Натали продолжала говорить, будто бы Доджа не было рядом:

– Но мне уже не нужна Паника. Не нужен ты. Не нужна Хезер. Кевин говорит, что у меня есть потенциал и камера меня любит. Он говорит, что…

– Кевин? – В голове у Доджа что-то щелкнуло. – Этот кусок дерьма, которого ты встретила в торговом центре?

– Он не кусок дерьма. – Теперь она повернулась к нему лицом. Ее трясло. Ее кулаки были сжаты, а глаза блестели, щеки были мокры от слез, и это разбило Доджу сердце. Он все еще хотел поцеловать ее. Он ненавидел ее. – Он работает в театре, и он верит в меня. Он сказал, что поможет мне…

Холод в груди Доджа превратился в твердый кулак. Он чувствовал, как он бьется о ребра, грозясь прорваться сквозь кожу.

– Разумеется, он так сказал, – сказал он с презрением. – Дай угадаю. Тебе нужно было только показать ему сиськи?

– Заткнись, – прошептала она.

– Может, дала себя полапать? Или ноги тоже пришлось раздвигать? – Сказав это, он тут же пожалел.

Нэт замерла, будто в оцепенении от шока. И по тому выражению вины, грусти и горечи на ее лице Додж понял, что все так и было.

– Нэт! – он едва смог произнести ее имя. Он хотел сказать, что ему жаль, и ему действительно было жаль ее и того, что она сделала. Дожд хотел сказать ей, что он тоже верит в нее и считает ее красивой.

– Уходи, – прошептала она.

– Пожалуйста, Нэт! – Додж потянулся к ней.

Нэт отступила назад и чуть не поскользнулась на траве.

– Уходи, – повторила она.

На мгновение их глаза встретились. Он увидел два темных отверстия, напоминающие раны; затем она развернулась и ушла.

Хезер

У Бишопа был батут или как минимум рама батута. Нейлоновая ткань давно прохудилась, и ее заменили тяжелым отрезком брезента, который плотно прилегал к раме. Хезер не удивилась, когда нашла Бишопа там, прячущимся от остальных гостей. Он никогда не был особо общительным. Она – тоже. Это было одной из многих черт, которые их связывали.
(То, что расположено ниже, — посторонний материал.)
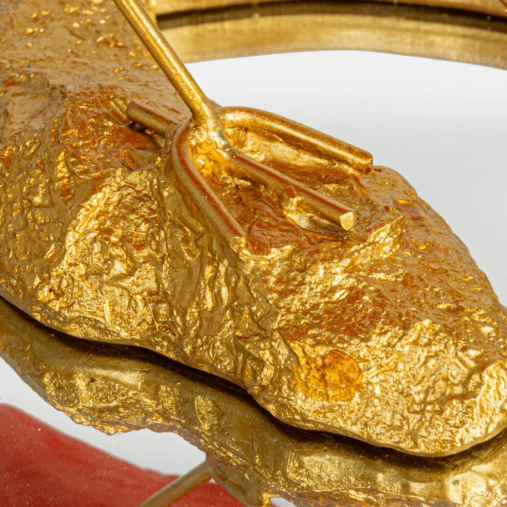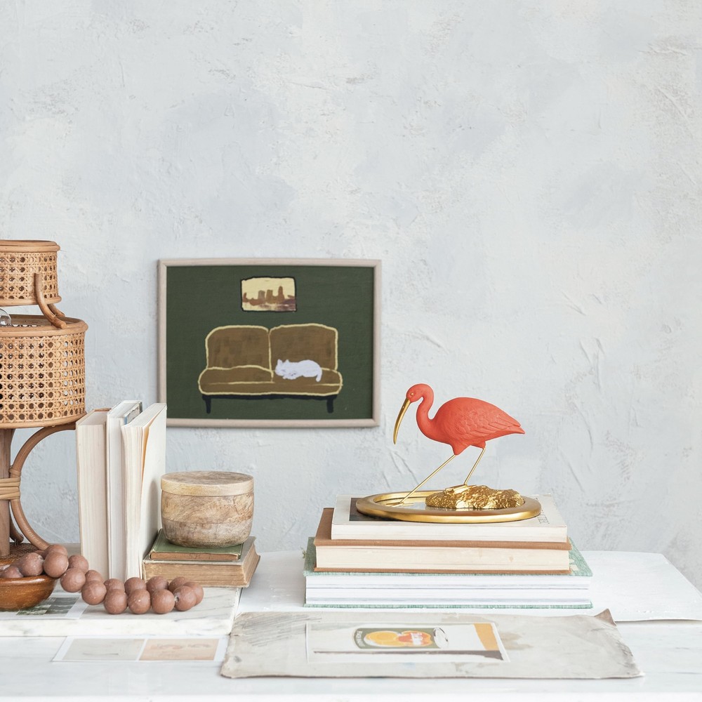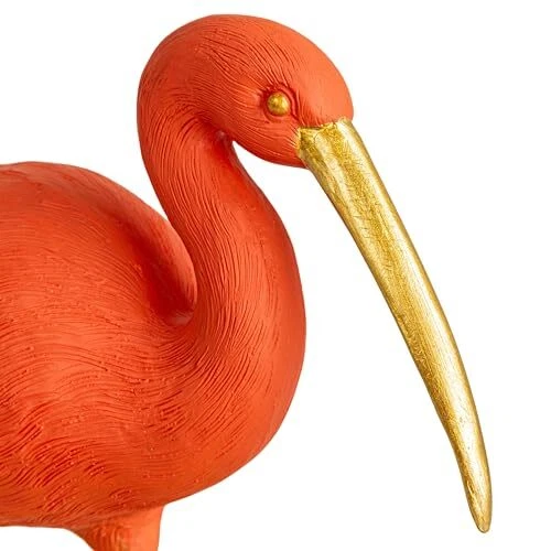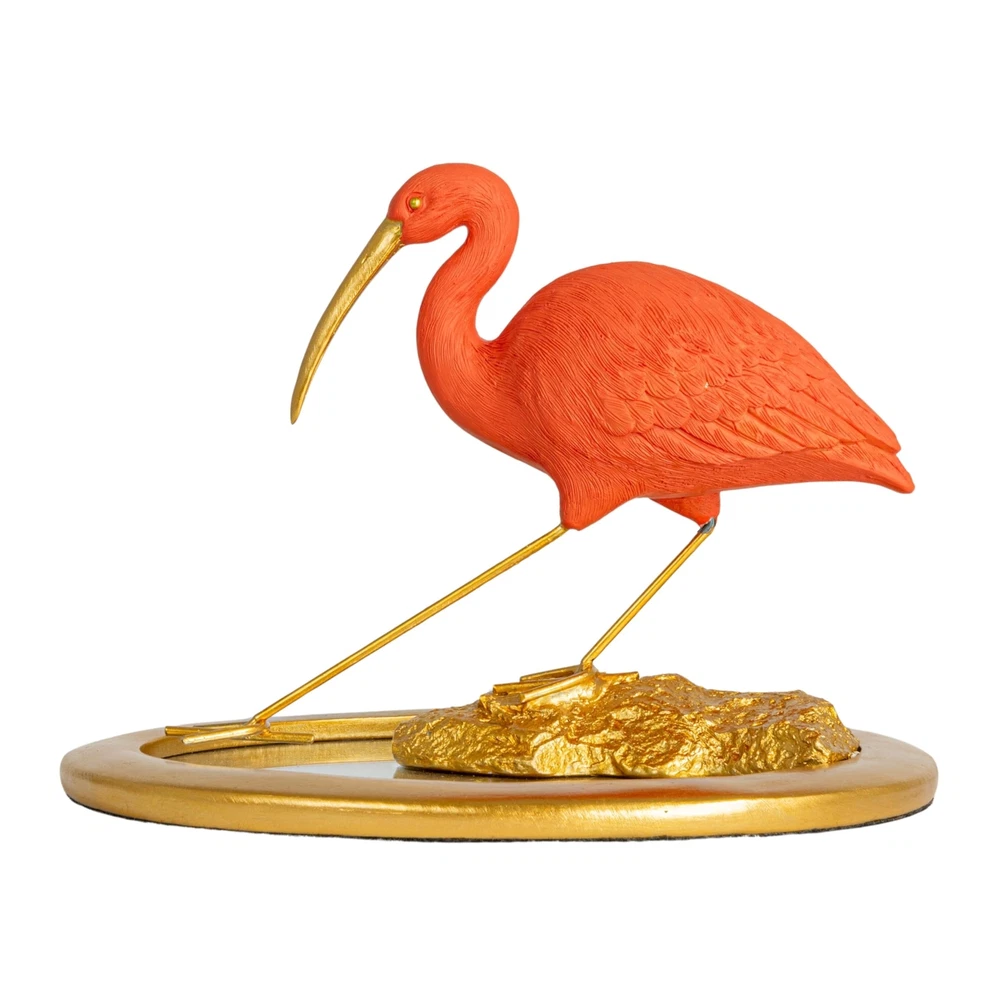 This Resin Scarlet Ibis on Mirrored Tray is a stunning representation of nature's artistry combined with human craftsmanship. The figurine measures 10 inches long, 8.25 inches wide, and 7 inches high, making it an impressive addition to any room. The oval shape of the tray complements the bird's elegant stance, while the pink and gold finish add a rich, warm tone to the piece. Designed to capture the eye and accentuate the light in any setting, this Scarlet Ibis brings a tropical and luxurious vibe to eclectic, glam, and vintage themes. The mirrored tray reflects the intricate details of the ibis, creating a sense of depth and dimension. This piece is perfect for those looking to add a touch of sophistication and elegance to their home decor. A graceful Scarlet Ibis in resin, perched on a mirrored tray, its pink and gold finish shimmering with sophistication A perfect piece for eclectic, glam, and vintage decor, adding a touch of ornate beauty and a splash of color Ideal for display on a console table or vanity, this figurine reflects light and elegance into any space Made of high-quality resin, this Scarlet Ibis figurine captures the essence of the bird with a luxurious twist 10” L x 8.25” W x 7” H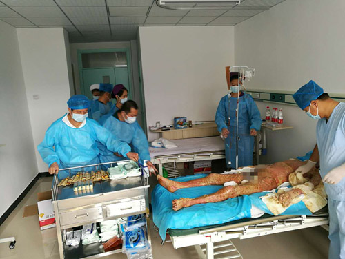 經該院燒傷科姜月虎主任帶領的搶救小組20余天的晝夜奮戰(zhàn),三例大面積特重度燒傷患者已全部成功救治。中國中西醫(yī)結合學會燒傷專業(yè)委員會再生醫(yī)療技術專家與救治小組的同志們一起戰(zhàn)斗在治療一線,全程參與了救治。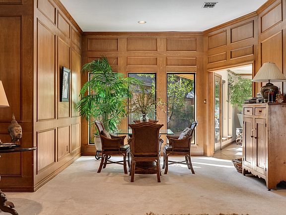 Fireplace centerpieceBackyard patioPrivate charmHigh ceilingsWood floorsExpansive windowsFormal dining room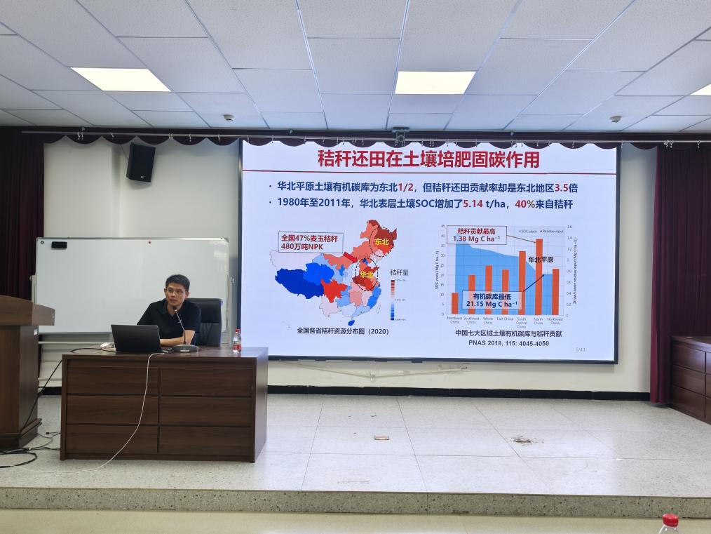 艾超研究员介绍了氮素输入驱动下秸秆腐解微生物群落动态演替规律,以氮素调控秸秆分解的微生物学过程为核心图谱,揭示了氮素水平如何定向塑造功能微生物群落并优化分解路径,引发了在场师生热烈探讨。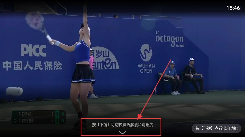进入赛事直播界面后,按下【下键】,即可切换多语解说并调整视频清晰度,从而优化您的观看体验。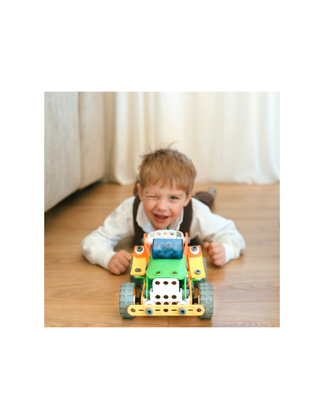 - - jei neturite idėjos, rinkinyje yra išsamios instrukcijos, padedančios sukonstruoti transporto priemonę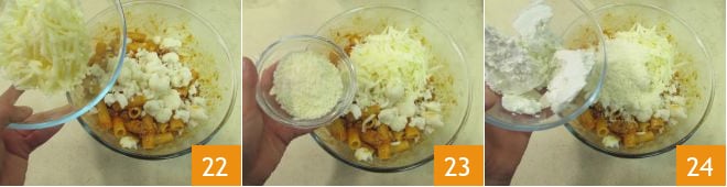 Sazona con el caciocavallo rallado 22, el pecorino rallado 23 y la ricotta 24.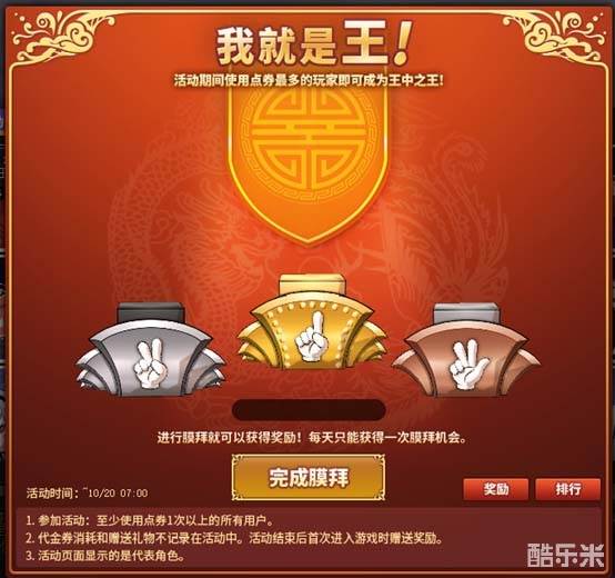 活动规则:活动期间使用点券最多的玩家成为王中之王!活动期间使用点券至少1次以上。代金券消费不计算在本活动中。赠送礼物的消费不计入我是王活动。活动结束后,前二十名可获得王者限定角色:王者版瑞尔&佩伊。(活动结束后首次进入游戏发放)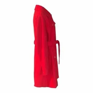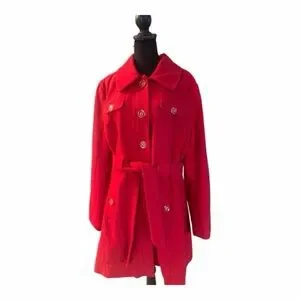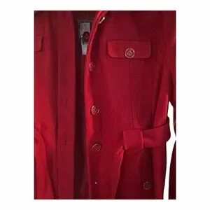 Brand new chic and bold red wool jacket with red and gold buttons and a stylish belt. Features button-up front and classic collar. Perfect for any occasion.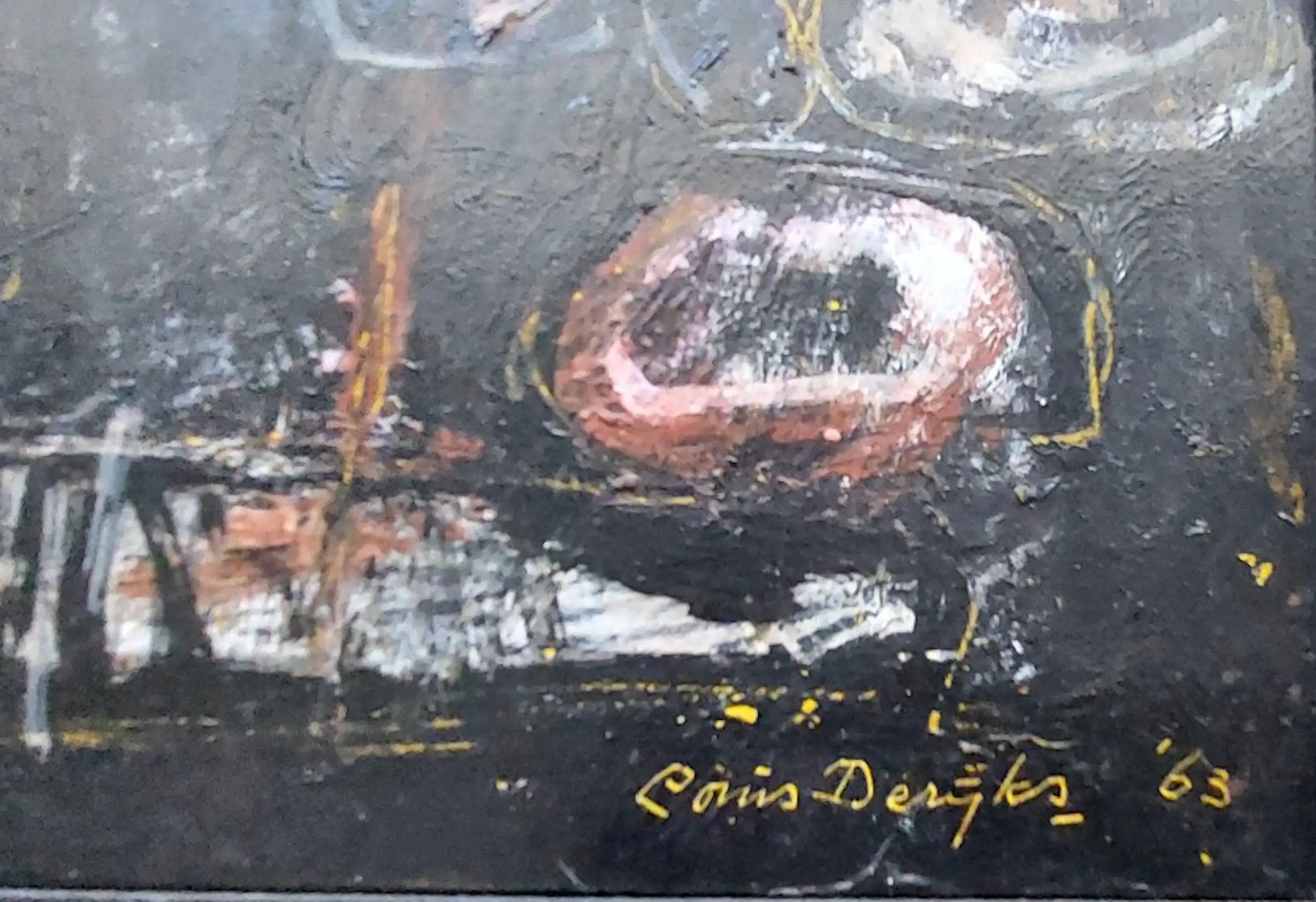 Louis Derijks 1929-2020, schilder en graficus. Heeft in meer dan 50 jaar tijd een enorme ontwikkeling doorgemaakt van figuratief naar abstraherend. Maar helemaal abstract is zijn werk zelden, er is altijd wel iets herkenbaars te ontdekken. Zijn schilderijen zijn eenvoudig van tekening en compositie en bevatten de natuurlijke tinten bruin, zwart, donkerrood en oranjebruin.

– Как тебе отдыхается? – спросила она, сев на батут рядом с ним. От Бишопа слегка пахло корицей и маслом.

Он пожал плечами. Когда он улыбнулся, у него поморщился нос.

– Так себе. А ты?

– Так же, – призналась она. – Как дела у Лили? – У Хезер не было другого выбора, кроме как привести Лили с собой. Они оставили ее в доме, и Бишоп вызвался проверить, как она, когда заходил туда за пластиковыми стаканами.

– С ней все в порядке. Смотрит марафон какого-то шоу о знаменитостях. Я сделал ей попкорн. – Бишоп откинулся назад и пристально смотрел на небо. Он сделал знак Хезер последовать его примеру.

В детстве они иногда спали здесь, бок о бок в спальных мешках в окружении пустых упаковок из-под чипсов и печенья. Однажды Хезер проснулась и обнаружила енота, сидящего на ее груди. Бишоп закричал, чтобы прогнать его. Но сначала сфотографировал. Это было одним из самых любимых детских воспоминаний Хезер.

Она до сих пор помнила, каково это – просыпаться рядом с ним, когда их спальные мешки и батут покрыты росой, а изо рта идет пар. Им было так тепло рядом друг с другом. Как будто они были в единственном безопасном и добром месте на земле.

Хезер неосознанно положила голову между грудью и плечом Бишопа, и он обвил ее рукой. Его пальцы слегла касались ее голых рук, и внезапно она почувствовала тепло и приятную дрожь. Интересно, как они смотрелись сверху – как два кусочка мозаики, вплотную встроенные друг в друга?

– Ты будешь по мне скучать? – вдруг спросил Бишоп.

Сердце Хезер забилось так сильно, будто вот-вот выпрыгнет из горла.

Все лето она пыталась не думать о том, что Бишоп уедет в колледж. Теперь у них осталось меньше месяца.

– Не глупи, – сказала она, подталкивая его локтем.

– Я серьезно. – Бишоп передвинулся, убрал руку из-под ее головы и повернулся к ней лицом, опершись на локоть. Попутно он переложил свою вторую руку на талию Хезер. Ее рубашка поднялась, и его рука лежала у нее на животе – его загорелая кожа выделялась на ее бледном веснушчатом теле, и Хезер едва могла дышать.

Это же Бишоп, напомнила она себе, просто Бишоп.

– Я буду безумно скучать по тебе, Хезер, – сказал он. Они были так близко, что она заметила пушинку, осевшую на его ресницах, она видела отдельные цвета его радужки. И его губы. Мягкие с виду. Идеальное несовершенство его зубов.